Information shown =
------------------------------------------------------------

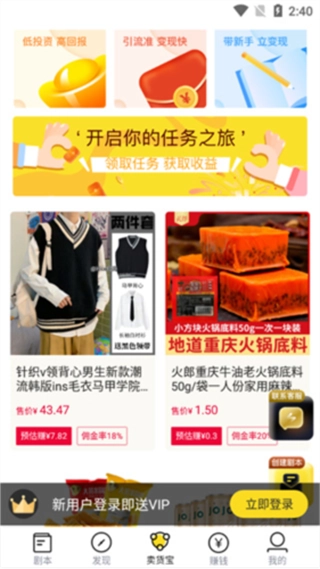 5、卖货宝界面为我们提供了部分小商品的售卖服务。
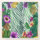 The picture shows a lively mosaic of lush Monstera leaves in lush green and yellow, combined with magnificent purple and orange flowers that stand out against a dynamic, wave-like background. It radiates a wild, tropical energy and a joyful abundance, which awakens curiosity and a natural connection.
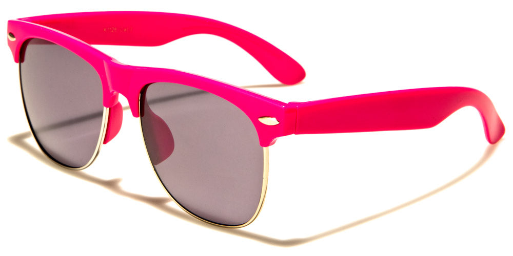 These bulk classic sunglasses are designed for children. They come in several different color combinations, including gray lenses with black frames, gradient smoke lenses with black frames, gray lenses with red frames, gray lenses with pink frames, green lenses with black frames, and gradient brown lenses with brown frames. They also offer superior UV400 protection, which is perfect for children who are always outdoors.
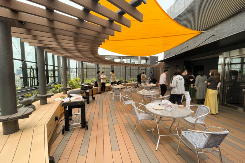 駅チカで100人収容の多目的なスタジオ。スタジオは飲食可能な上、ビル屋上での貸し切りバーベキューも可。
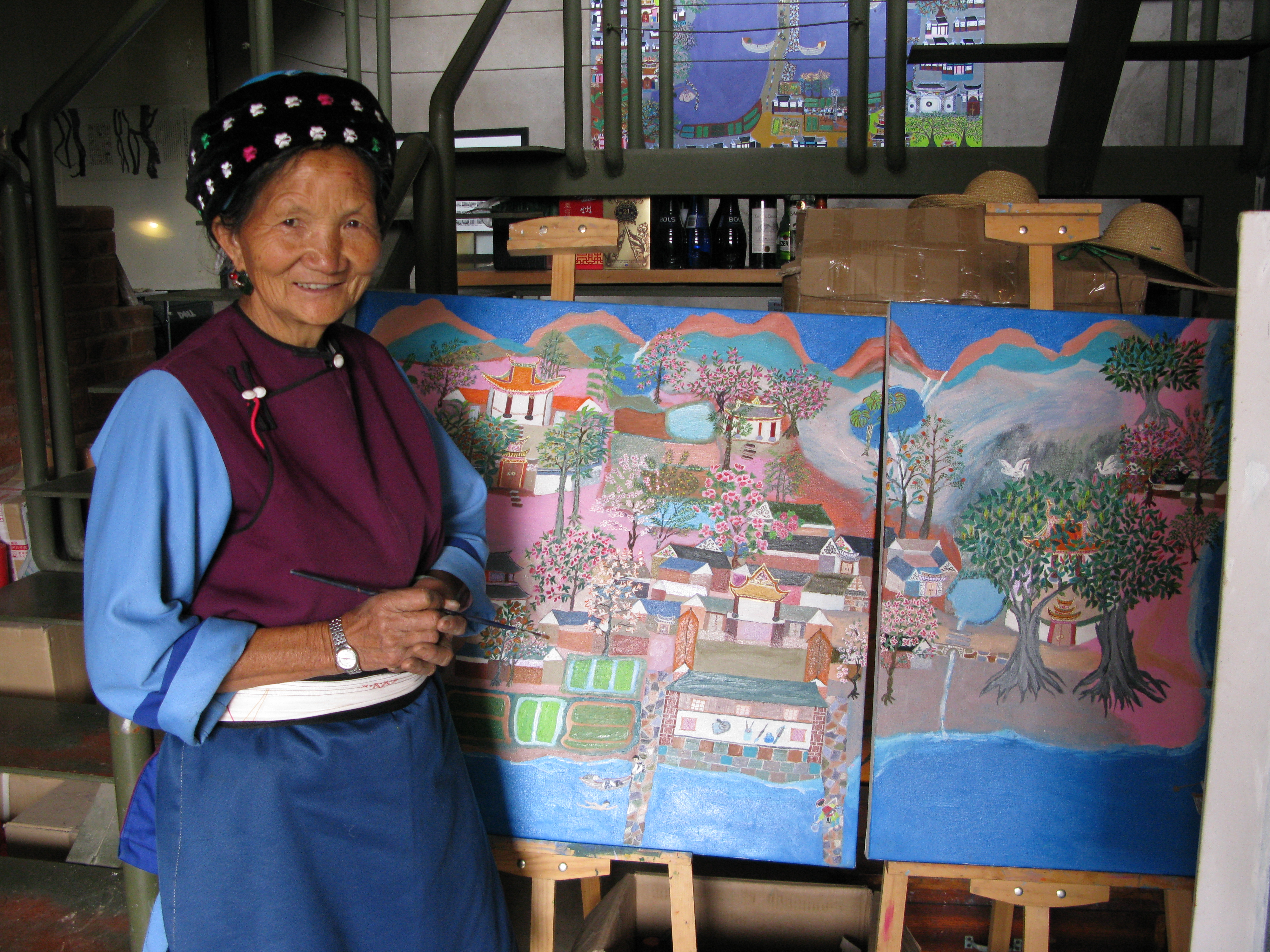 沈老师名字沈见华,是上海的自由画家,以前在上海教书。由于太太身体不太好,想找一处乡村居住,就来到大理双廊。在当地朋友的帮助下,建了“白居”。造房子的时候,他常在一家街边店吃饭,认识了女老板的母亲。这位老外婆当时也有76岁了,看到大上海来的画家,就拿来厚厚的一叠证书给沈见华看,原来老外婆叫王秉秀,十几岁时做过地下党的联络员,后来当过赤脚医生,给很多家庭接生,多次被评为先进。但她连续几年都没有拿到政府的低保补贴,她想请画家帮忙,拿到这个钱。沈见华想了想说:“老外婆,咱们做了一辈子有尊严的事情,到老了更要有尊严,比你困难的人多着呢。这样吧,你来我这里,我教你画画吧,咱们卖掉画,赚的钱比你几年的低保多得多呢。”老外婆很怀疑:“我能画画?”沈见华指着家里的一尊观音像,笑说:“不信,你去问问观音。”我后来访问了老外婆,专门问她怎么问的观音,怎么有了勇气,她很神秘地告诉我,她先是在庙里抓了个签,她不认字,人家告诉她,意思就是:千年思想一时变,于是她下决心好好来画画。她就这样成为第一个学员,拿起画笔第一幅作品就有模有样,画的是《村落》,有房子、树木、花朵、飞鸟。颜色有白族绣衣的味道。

------------------------------------------------------------

Work task =
In the copy you return, include exactly the lines from the one containing "駅チカで100人収容の多目的" through the final line of the listing, and no pictures.

The answer =
 駅チカで100人収容の多目的なスタジオ。スタジオは飲食可能な上、ビル屋上での貸し切りバーベキューも可。
 沈老师名字沈见华,是上海的自由画家,以前在上海教书。由于太太身体不太好,想找一处乡村居住,就来到大理双廊。在当地朋友的帮助下,建了“白居”。造房子的时候,他常在一家街边店吃饭,认识了女老板的母亲。这位老外婆当时也有76岁了,看到大上海来的画家,就拿来厚厚的一叠证书给沈见华看,原来老外婆叫王秉秀,十几岁时做过地下党的联络员,后来当过赤脚医生,给很多家庭接生,多次被评为先进。但她连续几年都没有拿到政府的低保补贴,她想请画家帮忙,拿到这个钱。沈见华想了想说:“老外婆,咱们做了一辈子有尊严的事情,到老了更要有尊严,比你困难的人多着呢。这样吧,你来我这里,我教你画画吧,咱们卖掉画,赚的钱比你几年的低保多得多呢。”老外婆很怀疑:“我能画画?”沈见华指着家里的一尊观音像,笑说:“不信,你去问问观音。”我后来访问了老外婆,专门问她怎么问的观音,怎么有了勇气,她很神秘地告诉我,她先是在庙里抓了个签,她不认字,人家告诉她,意思就是:千年思想一时变,于是她下决心好好来画画。她就这样成为第一个学员,拿起画笔第一幅作品就有模有样,画的是《村落》,有房子、树木、花朵、飞鸟。颜色有白族绣衣的味道。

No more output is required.